Constant Affirmation Constantly
Women in the vice grip of PMS will be set off by any little word, however innocuous or well-intentioned.
“Honey, let’s eat out tonight.”
“What? You don’t like my cooking? All these years and you never told me you don’t like my cooking? It’s because of your mother right? You always liked her cooking better than mine.”
“Um, no, I just felt like Big Bubba’s Ribs tonight and thought you might like a night off.”
“What? You think I can’t run the house anymore? Are you saying I am old and washed up? It’s because I dye my gray hairs, right?”
Well, FME also gives men a slightly skewed take on things.Men like their women to acknowledge their efforts with burst of enthusiasm usually reserved for record-setting Olympic feats.
“Wow, honey you really nailed that nail. I mean, it is so straight and perfectly dimpled into that wood. I have never seen such a great nail striking job ever. Tim Allen has nothing on you.”
Don’t believe me? Next time your man does some manly thing around the house just shrug your shoulders and say, “Eh, you did the best you could.” FME simply can’t handle this, and one of two things will happen: a sullen angry withdrawal will prevail or a blow-by-blow account to prove to you how incredibly difficult it is to glue down that loose wallpaper. Oh no: paper gone wild!
The absence of 24/7/365 constant affirmation can be considered grounds for divorce. Once I didn’t tell my husband what a fantastic job he had done hosing down the driveway. Boy, oh boy was I the Wife-from-Hell who had better contact a lawyer and starting thinking about where I was going to live out my retirement years. Alone. Happily, the situation was resolved by the fulfilling of another FME requirement that I can’t get into here because this is a G-rated blog. Besides, we all know that particular FME requirement cannot possibly be covered in one post.
They are always right
Because this follows on the heels of Constant Affirmation, I am casting this in a positive light as opposed to saying “They never admit they are wrong.”
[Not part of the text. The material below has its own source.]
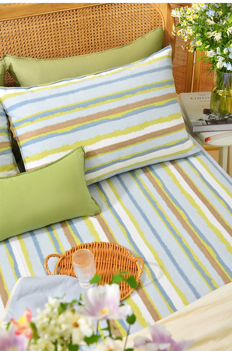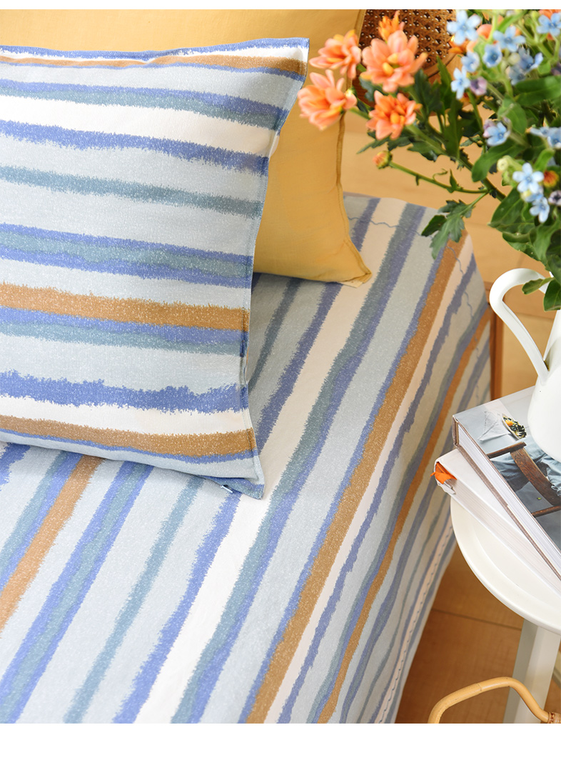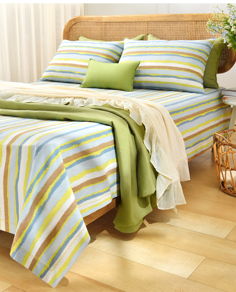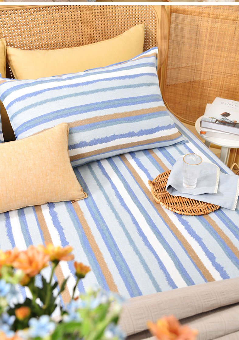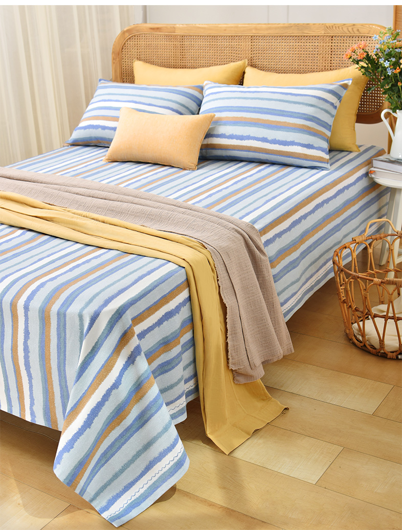 珊瑚条纹床单枕套床单纯棉100全棉防滑夏季双人定制

Men are never wrong. They simply didn’t have all the information. Or they weren’t in the loop. They will get back to you later on that. Or they were just testing you to see if you caught the mistake. If you did, then this is actually a benefit to you as the mental dexterity in finding the mistake they were testing you with keeps dementia at bay. You are so lucky to have such a thoughtful spouse. Or boss. It doesn’t matter what their relationship is to you. You only need to remember that they are always right. Don’t worry if you forget they are always right because part of their always being right is reminding you they are always right. It’s a package deal like PB & J or Ken and Barbie.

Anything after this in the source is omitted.